**ABOUT THIS TASK**
Leave out the pictures. Return every record otherwise untouched.

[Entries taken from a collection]
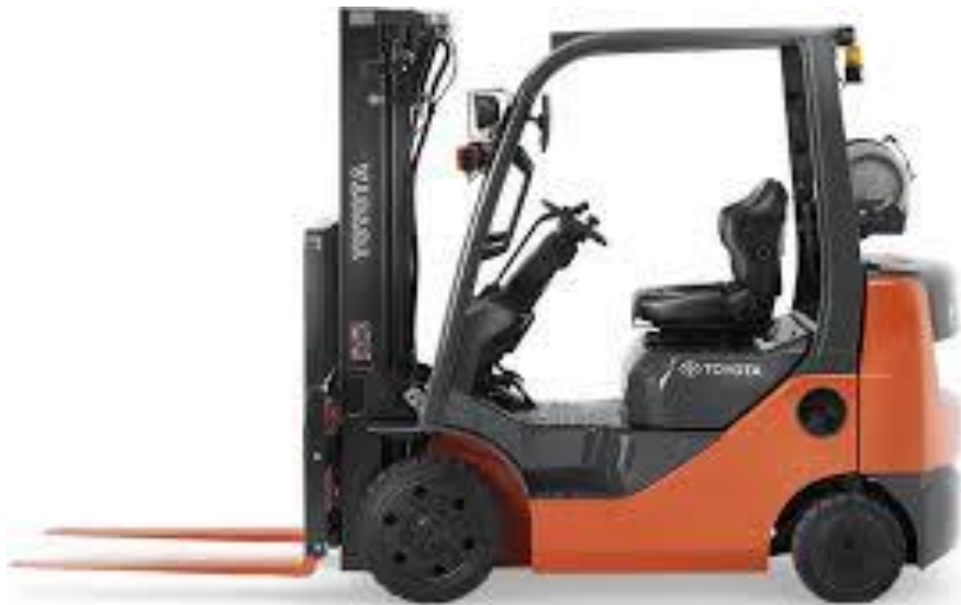
Sl. 2. Moderna izvedba viličara

U nastavku rada biti će opisano osposobljavanje i mjere zaštite pri radu s viličarom, određeni pravilnici koji diktiraju pravila ponašanja te vrste, karakteristike i građa viličara.
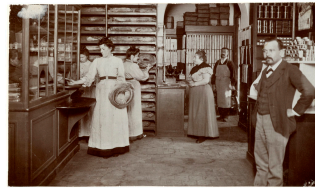
Le dépôt de pain dans l'épicerie du Familistère de Guise
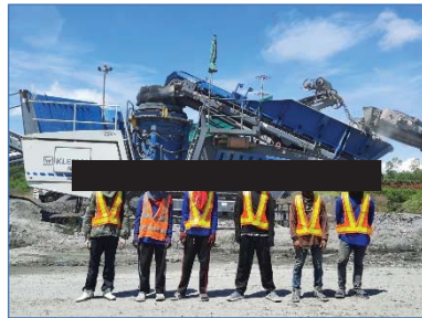
อุปกรณ์ป้องกันอันตราย
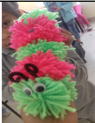
Fotografía 3. terapias ocupacionales

**ANSWER SPACE**
Sl. 2. Moderna izvedba viličara

U nastavku rada biti će opisano osposobljavanje i mjere zaštite pri radu s viličarom, određeni pravilnici koji diktiraju pravila ponašanja te vrste, karakteristike i građa viličara.
Le dépôt de pain dans l'épicerie du Familistère de Guise
อุปกรณ์ป้องกันอันตราย
Fotografía 3. terapias ocupacionales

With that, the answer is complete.